Через минуту в круг света въехал витебский воевода во главе своих офицеров и с Володыёвским при своей особе. Это был уже немолодой, плотный мужчина, с лицом некрасивым, но умным и добродушным. Седые усы, ровно подстриженные над верхней губой, и такая же небольшая бородка делали его похожим на чужеземца, но одет он был на польский манер. Многими подвигами стяжал себе славу Сапега, но с виду больше был похож не на воителя, а на вельможу; те, кто знал его ближе, тоже говорили, что в лице воеводы Минерва преобладает над Марсом. Но, помимо Минервы и Марса, была в этом лице более редкая для тех времен красота, доброта души, которая отражалась в глазах, как луч солнца отражается в воде. С первого взгляда можно было признать в Сапеге мужа доблестного и справедливого.
— Ждали мы тебя, как отца родного! — кричали солдаты.
— Вот и пришел наш вождь! — растроганно восклицали другие.
— Vivat! Vivat!
Заглоба подскакал к Сапеге во главе полковников, а тот придержал коня и помахал им рысьим своим колпачком.
— Ясновельможный воевода! — начал Заглоба свою речь. — Будь я красноречив, подобно древним римлянам, или самому Цицерону, или, коль взять еще более древние времена, славному афинянину Демосфену, и то не сумел бы я выразить ту радость, коей преисполнились наши сердца при виде твоей особы. Вся Речь Посполитая ликует с нами, приветствуя мудрейшего сенатора и лучшего своего сына, и радость наша тем больше, что она неожиданна. Мы стояли на этих валах с оружием в руках, не приветствовать готовые, но сражаться. Не слезы проливать, но нашу кровь! Когда же стоустая молва разнесла, что не изменник это идет, но защитник отчизны, не великий гетман литовский, но воевода витебский, не Радзивилл, но Сапега…

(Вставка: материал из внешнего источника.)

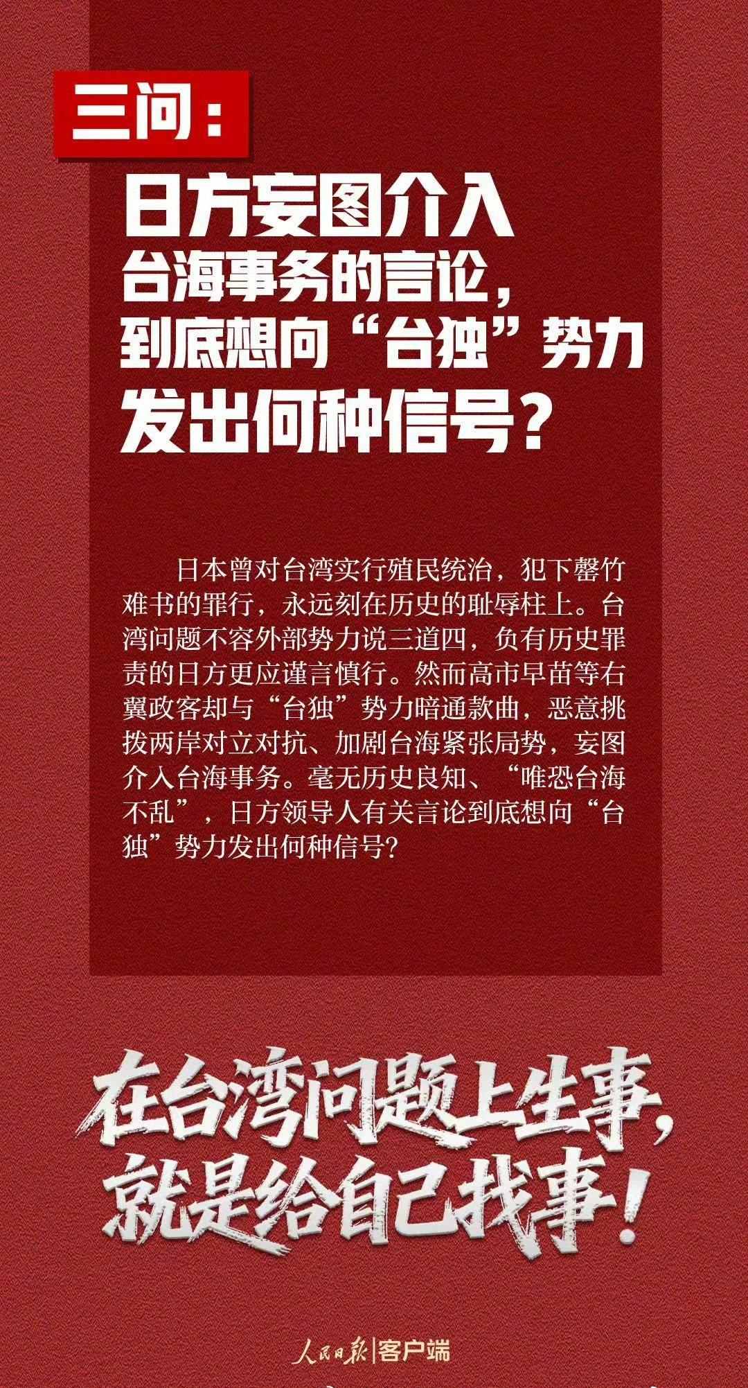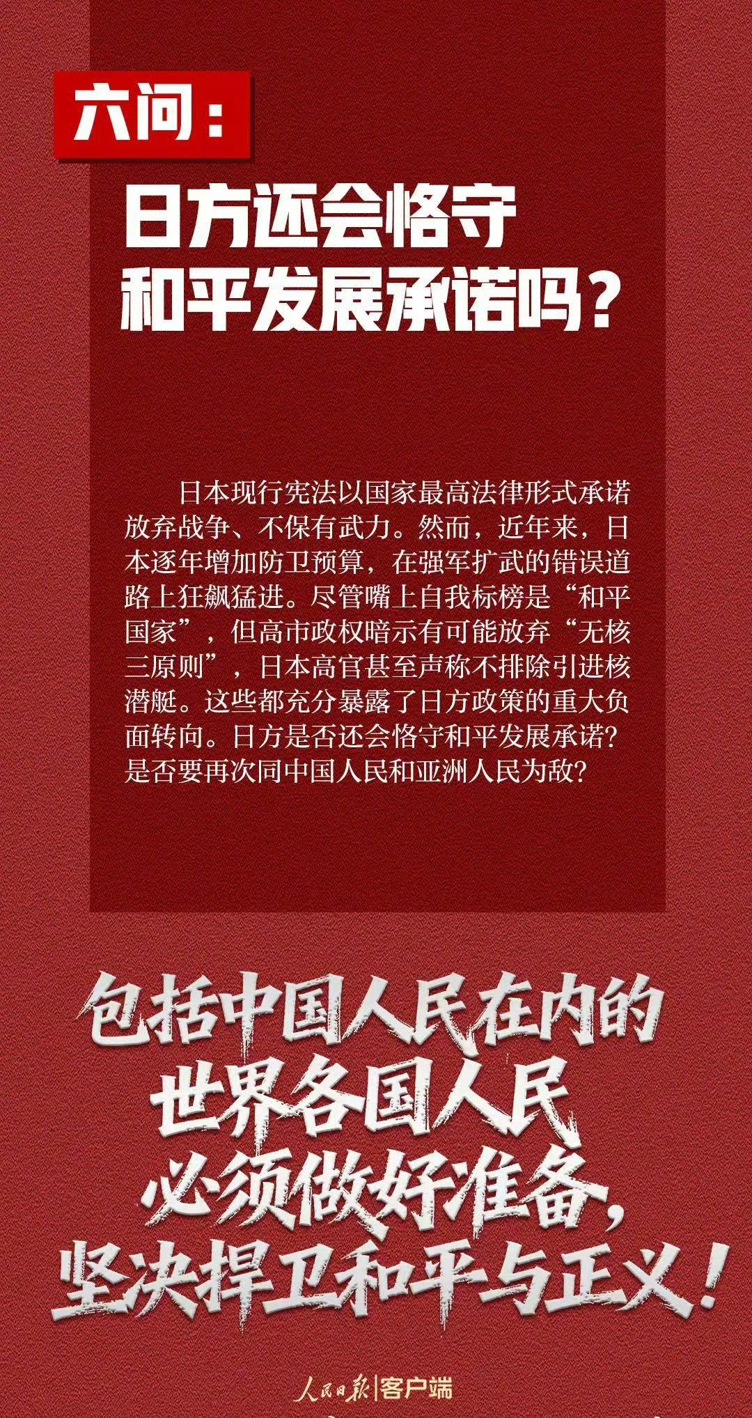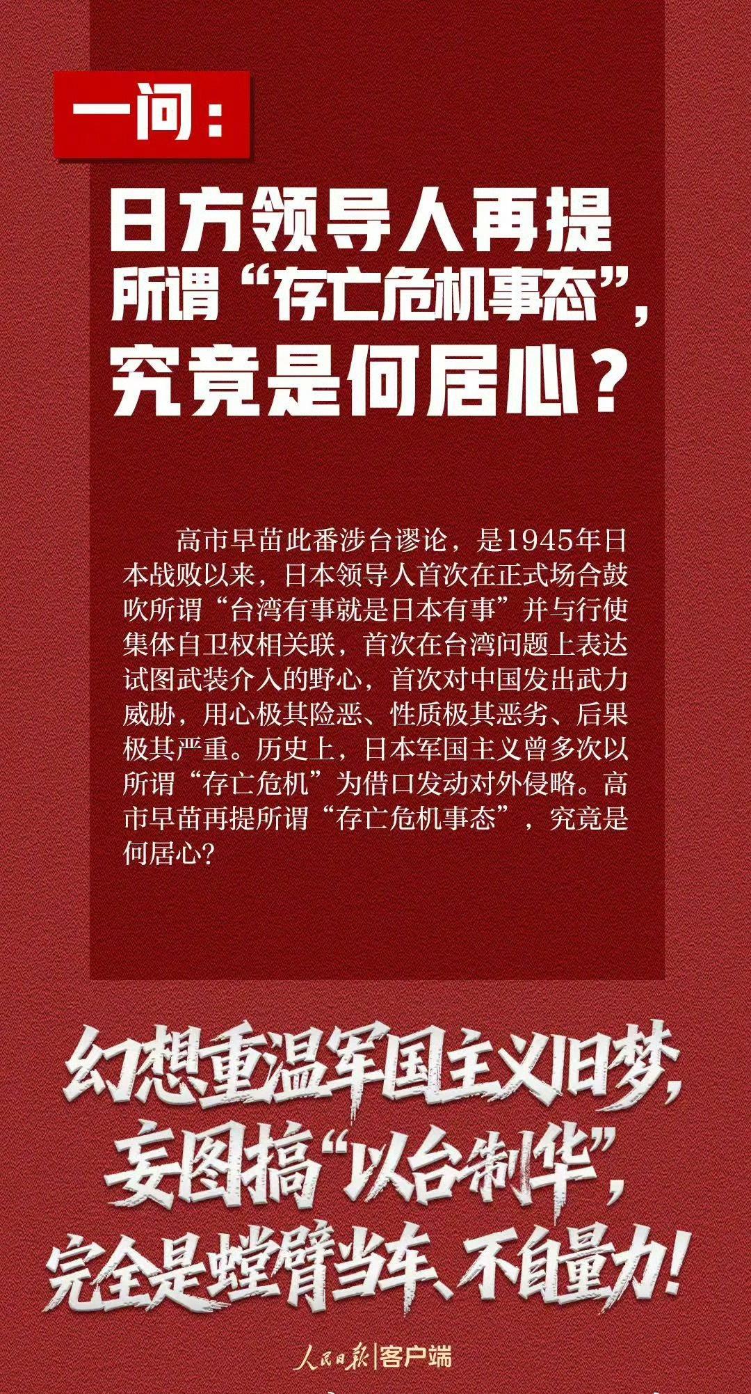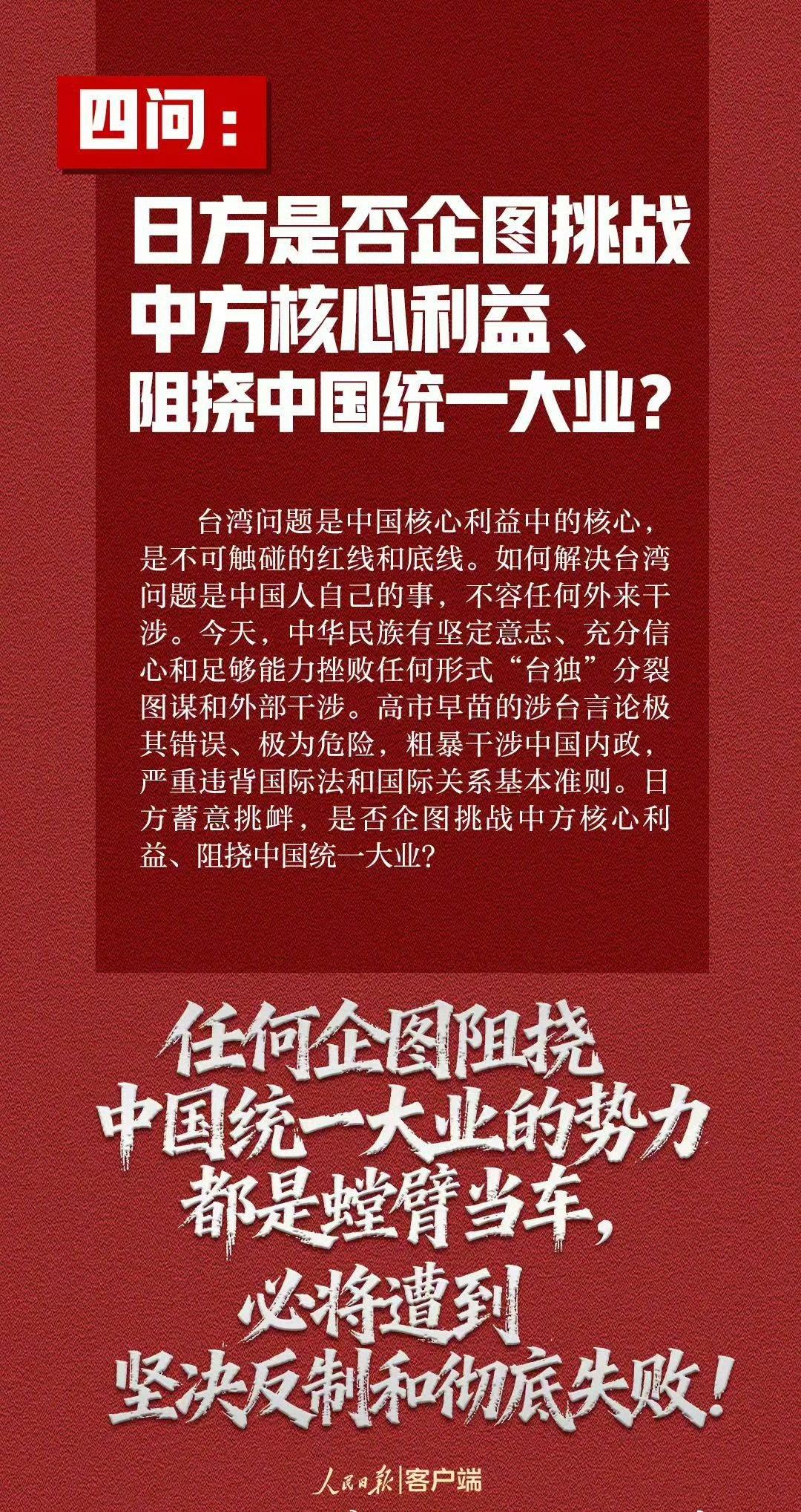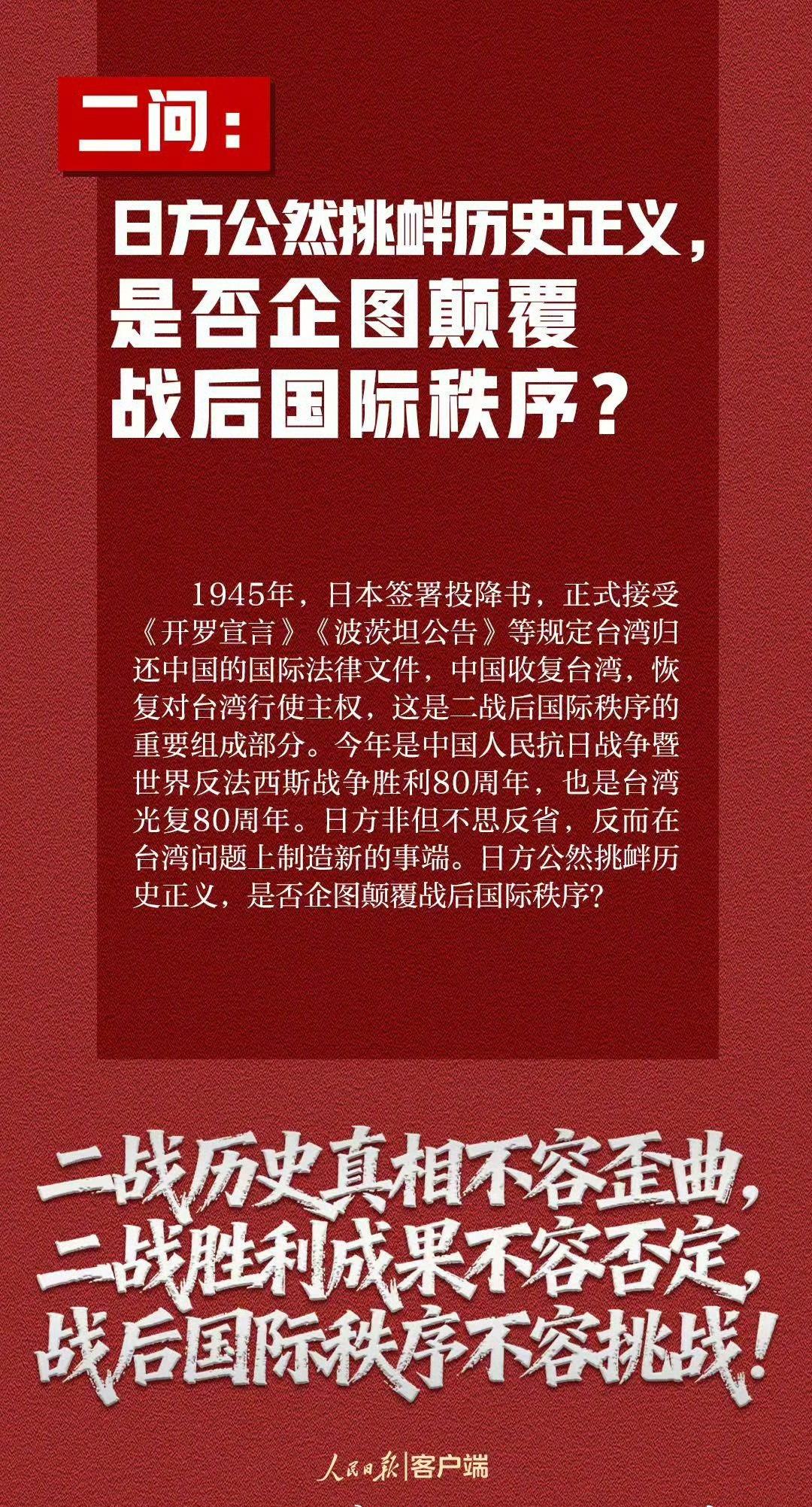【7个问题日方必须说清楚】在中方多次严正交涉后,日方仍不思悔改,拒不撤回错误言论。这种粗暴干涉中国内政、公然挑战二战后国际秩序的错误言论,引起举世哗然,令正义人士强烈愤慨。日方到底意欲何为?这些问题日方必须说清楚↓↓↓ (人民日报)

Однако Сапеге хотелось, видно, скорее въехать в стан, потому что он махнул вдруг рукой с добродушной, хоть и барственной небрежностью и сказал:
— Идет и Радзивилл. Через два дня будет здесь!
Заглоба смешался и потому, что потерял нить, и потому, что весть о Радзивилле сильно его поразила. Минуту он стоял перед Сапегой, не зная, что говорить дальше; однако быстро овладел собой и, торопливо выхватив из-за пояса булаву, торжественно провозгласил, вспомнив, как бывало под Збаражем:
— Войско выбрало меня своим вождем, но я сей знак отдаю в более достойные руки, дабы младшим показать пример того, как pro publico bono[159] надлежит отрекаться от величайших почестей.
Солдаты стали кричать, но Сапега только улыбнулся.
— Смотрите, пан брат, — сказал он, — как бы Радзивилл не заподозрил, что вы со страху отдаете булаву. Он бы вот как обрадовался!
— Уж он-то меня знает и в трусости не заподозрит, я ведь первый в Кейданах посрамил его и других увлек своим примером.
— Коли так, ведите меня в стан, — сказал Сапега. — Мне Володыёвский по дороге рассказывал, что хозяин из вас знаменитый и покушать у вас найдется, а мы устали и голодны.
С этими словами он тронул коня, за ним тронулись остальные, и все въехали в стан с неописуемым ликованием. Заглоба вспомнил, что Сапега, по рассказам, и выпить не прочь, и попировать любит, и решил достойно отпраздновать день прибытия воеводы. Он устроил такой богатый пир, какого в стане доселе не бывало. Все ели и пили. За чарою Володыёвский рассказывал о том, что произошло с ними под Волковыском: как окружил их внезапно гораздо больший отряд, который изменник Золотаренко прислал на подмогу своим, как совсем уж им конец пришел, когда внезапно подоспел Сапега, и отчаянная оборона сменилась полным торжеством.
— Задали мы им так pro memoria[160], — говорил он, — что они теперь из стана носа не высунут.
Затем разговор перешел на Радзивилла. У витебского воеводы были самые свежие новости, от верных людей он знал все, что произошло в Кейданах. Он рассказал, что гетман литовский послал некоего Кмицица с письмом к шведскому королю и с просьбой сразу с двух сторон ударить вместе на Подляшье.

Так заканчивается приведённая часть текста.